== DIRECTIONS FOR THIS TASK ==
Reprint all of the data below exactly as shown and skip every image.

═════ ENTRIES SUPPLIED

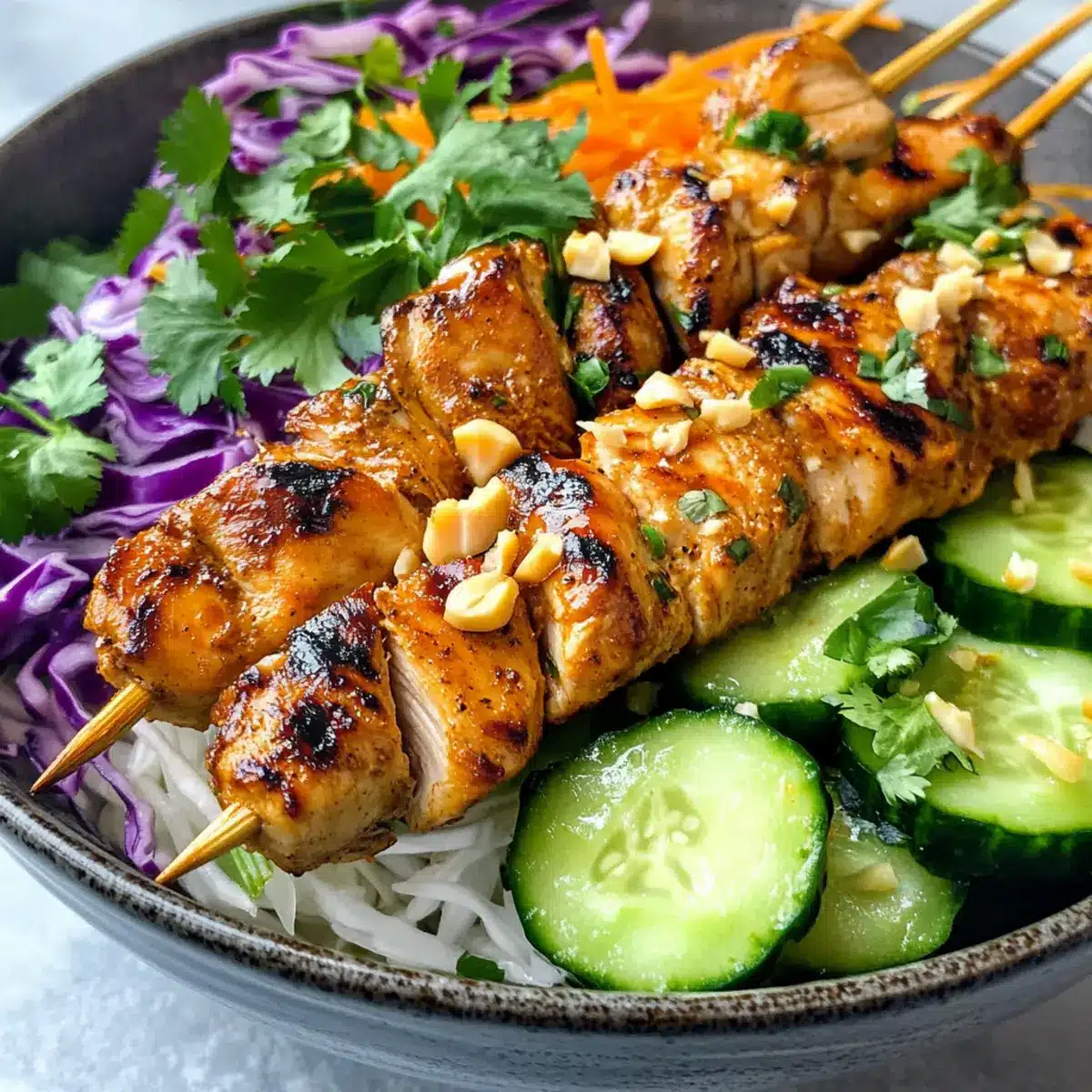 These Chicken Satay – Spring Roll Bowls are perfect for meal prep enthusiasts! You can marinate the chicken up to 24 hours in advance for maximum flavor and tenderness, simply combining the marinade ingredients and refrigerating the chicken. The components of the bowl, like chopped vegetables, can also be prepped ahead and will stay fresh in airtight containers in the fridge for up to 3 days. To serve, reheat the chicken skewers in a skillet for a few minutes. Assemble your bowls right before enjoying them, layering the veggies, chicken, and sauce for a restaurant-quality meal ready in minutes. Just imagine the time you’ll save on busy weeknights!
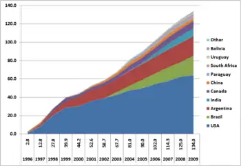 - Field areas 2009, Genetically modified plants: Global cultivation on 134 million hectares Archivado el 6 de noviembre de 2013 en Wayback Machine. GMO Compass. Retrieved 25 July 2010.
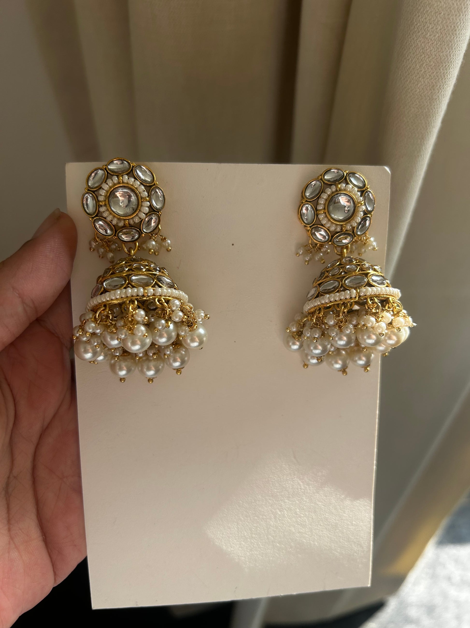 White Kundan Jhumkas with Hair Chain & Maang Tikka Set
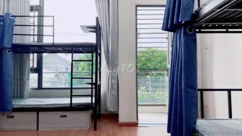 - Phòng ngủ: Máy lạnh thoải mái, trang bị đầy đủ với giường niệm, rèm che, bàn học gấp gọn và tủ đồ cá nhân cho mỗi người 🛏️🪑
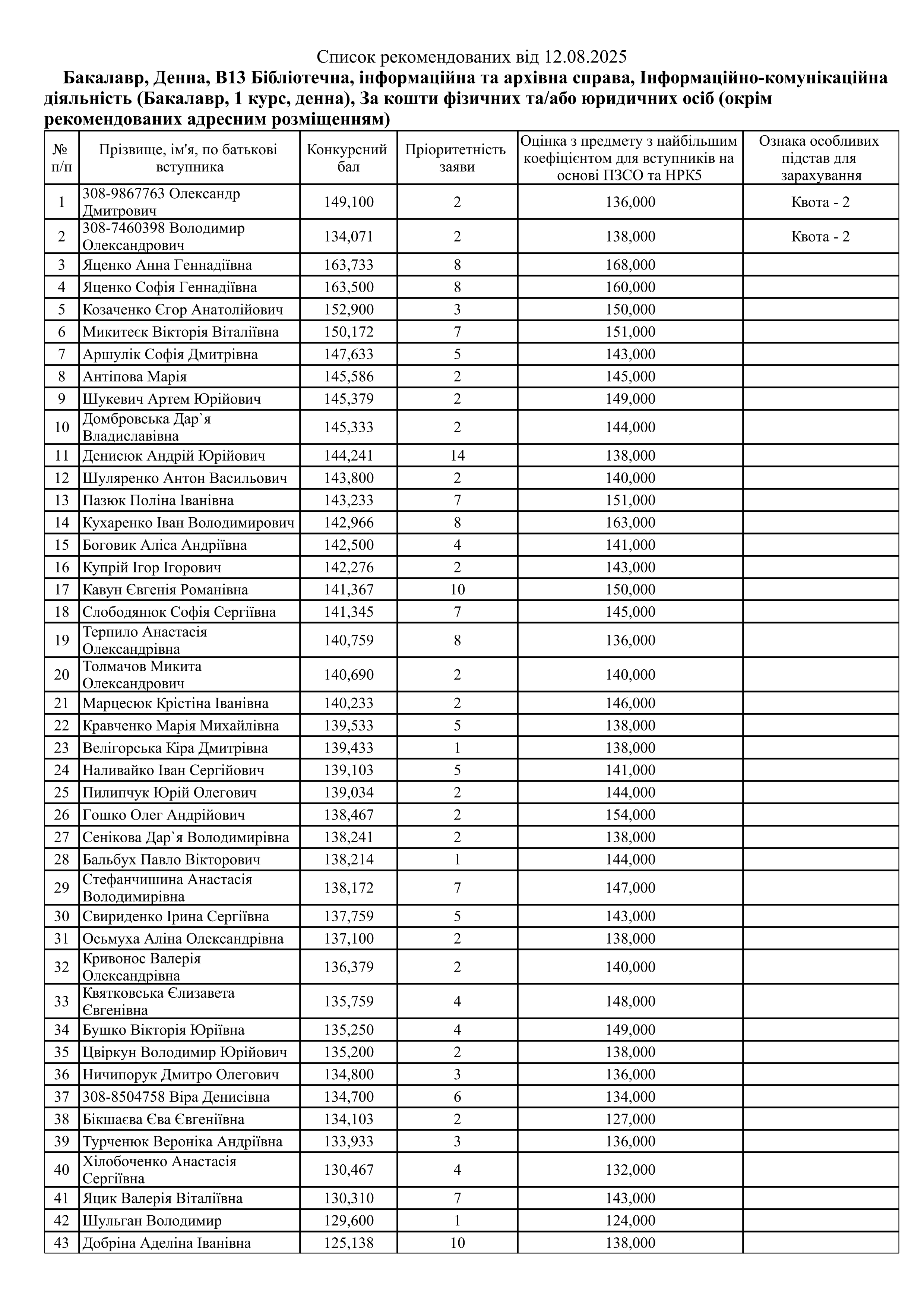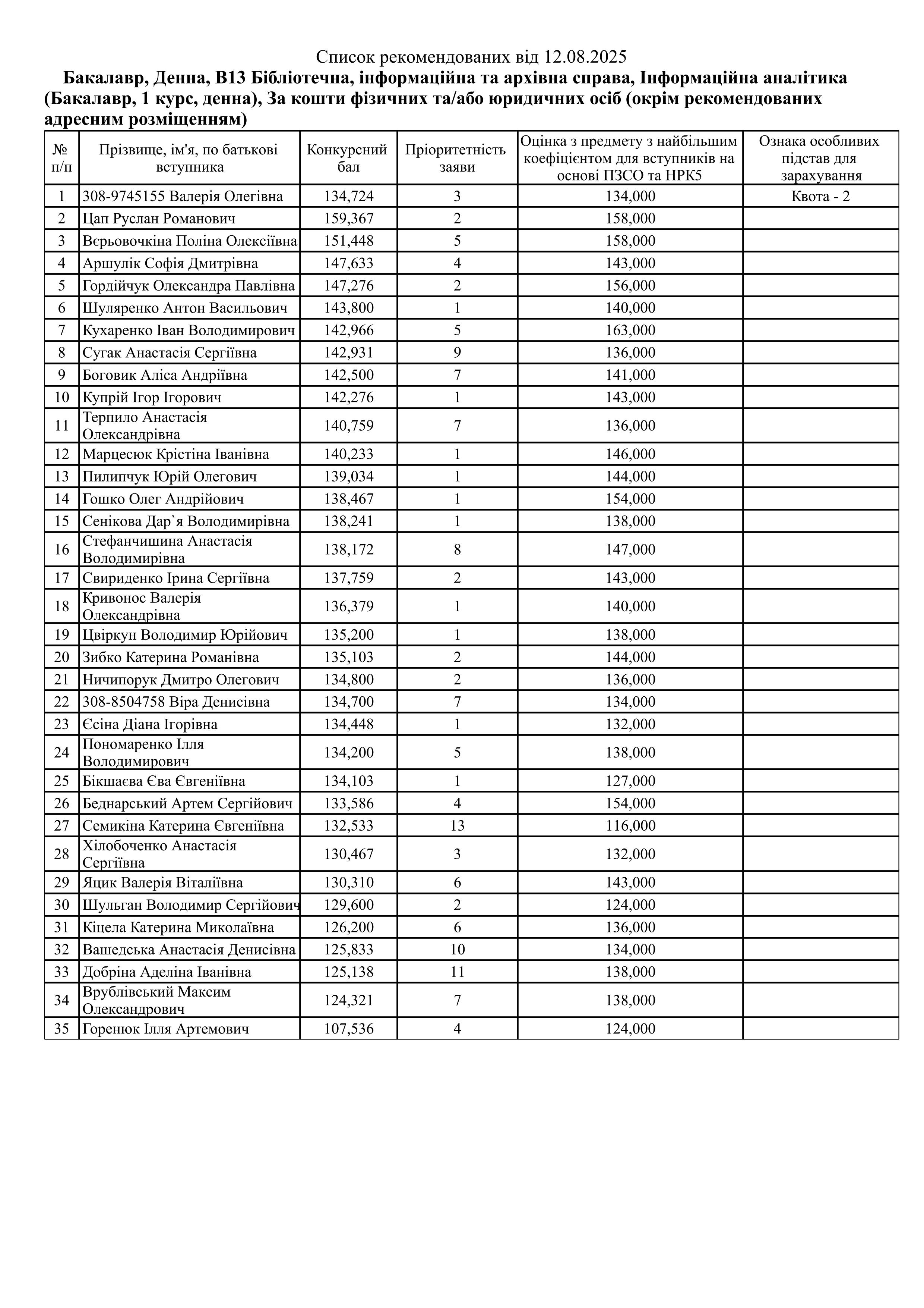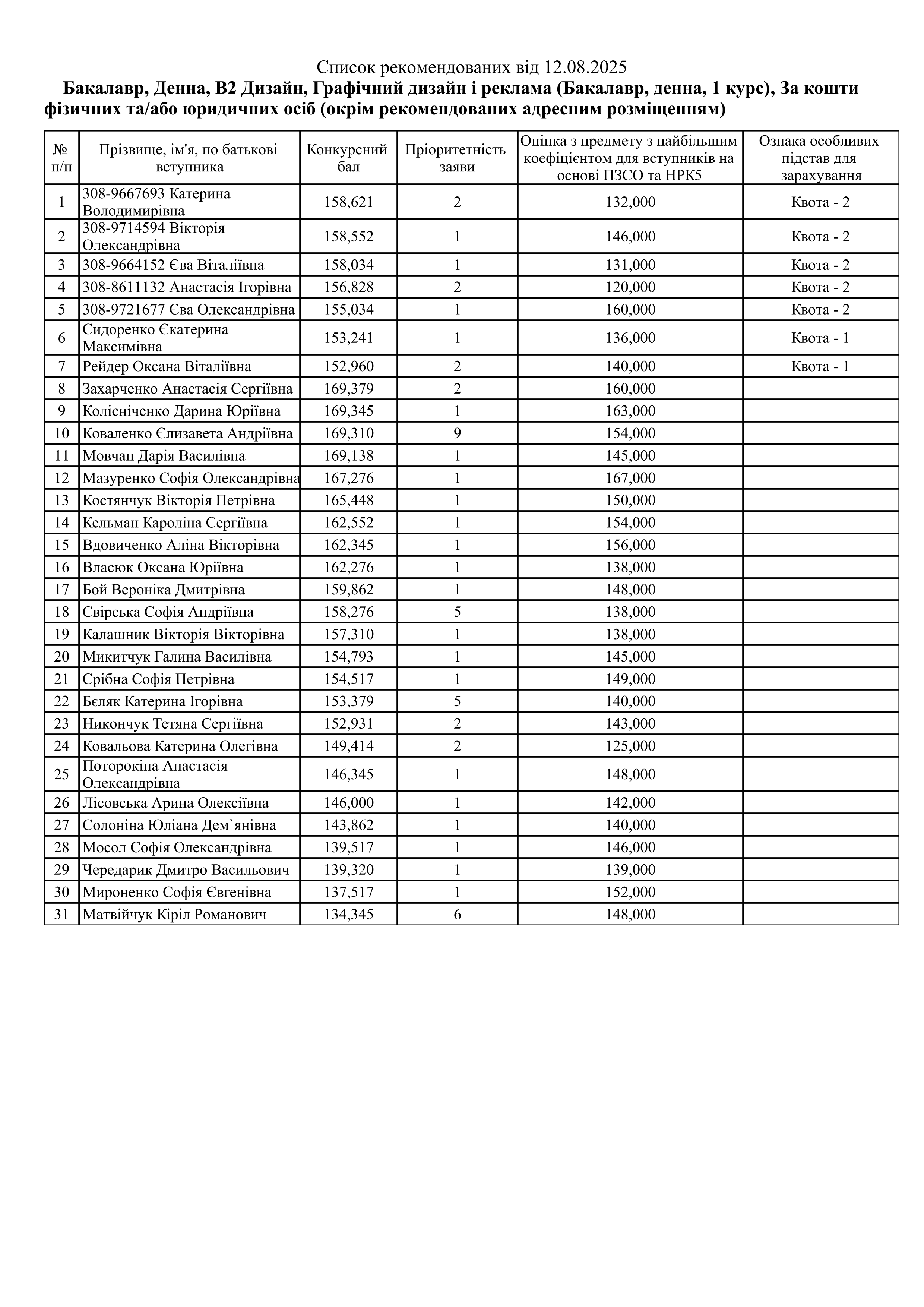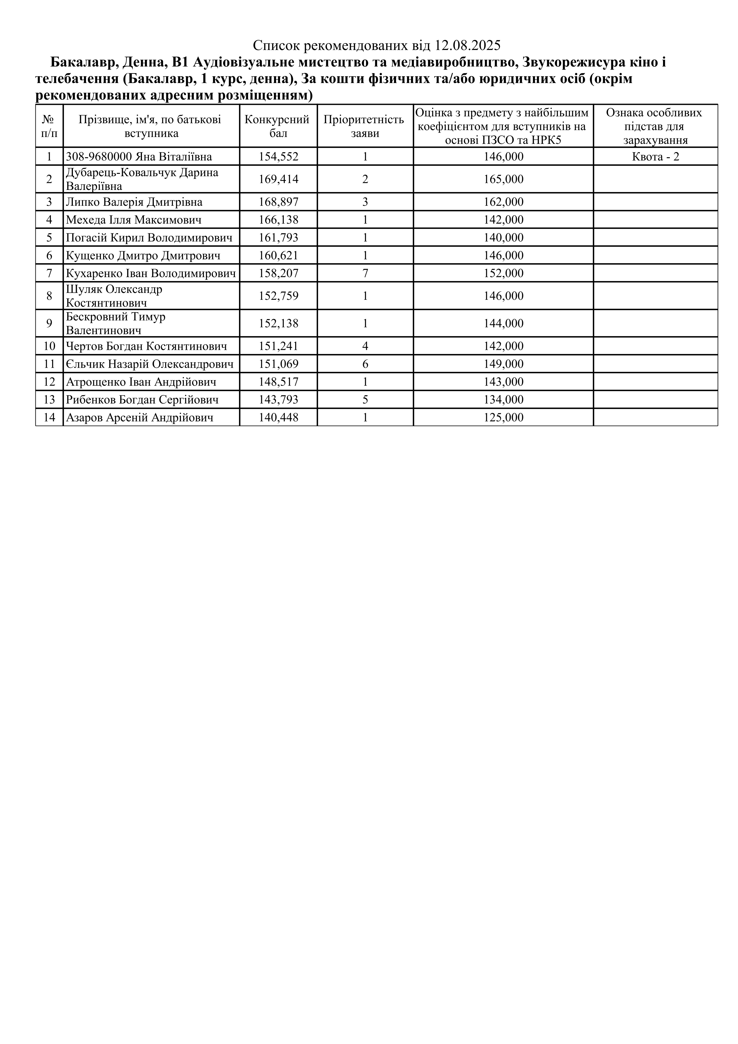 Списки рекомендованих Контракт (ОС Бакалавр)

══════════

== ANSWER SPACE ==
 These Chicken Satay – Spring Roll Bowls are perfect for meal prep enthusiasts! You can marinate the chicken up to 24 hours in advance for maximum flavor and tenderness, simply combining the marinade ingredients and refrigerating the chicken. The components of the bowl, like chopped vegetables, can also be prepped ahead and will stay fresh in airtight containers in the fridge for up to 3 days. To serve, reheat the chicken skewers in a skillet for a few minutes. Assemble your bowls right before enjoying them, layering the veggies, chicken, and sauce for a restaurant-quality meal ready in minutes. Just imagine the time you’ll save on busy weeknights!
 - Field areas 2009, Genetically modified plants: Global cultivation on 134 million hectares Archivado el 6 de noviembre de 2013 en Wayback Machine. GMO Compass. Retrieved 25 July 2010.
 White Kundan Jhumkas with Hair Chain & Maang Tikka Set
 - Phòng ngủ: Máy lạnh thoải mái, trang bị đầy đủ với giường niệm, rèm che, bàn học gấp gọn và tủ đồ cá nhân cho mỗi người 🛏️🪑
 Списки рекомендованих Контракт (ОС Бакалавр)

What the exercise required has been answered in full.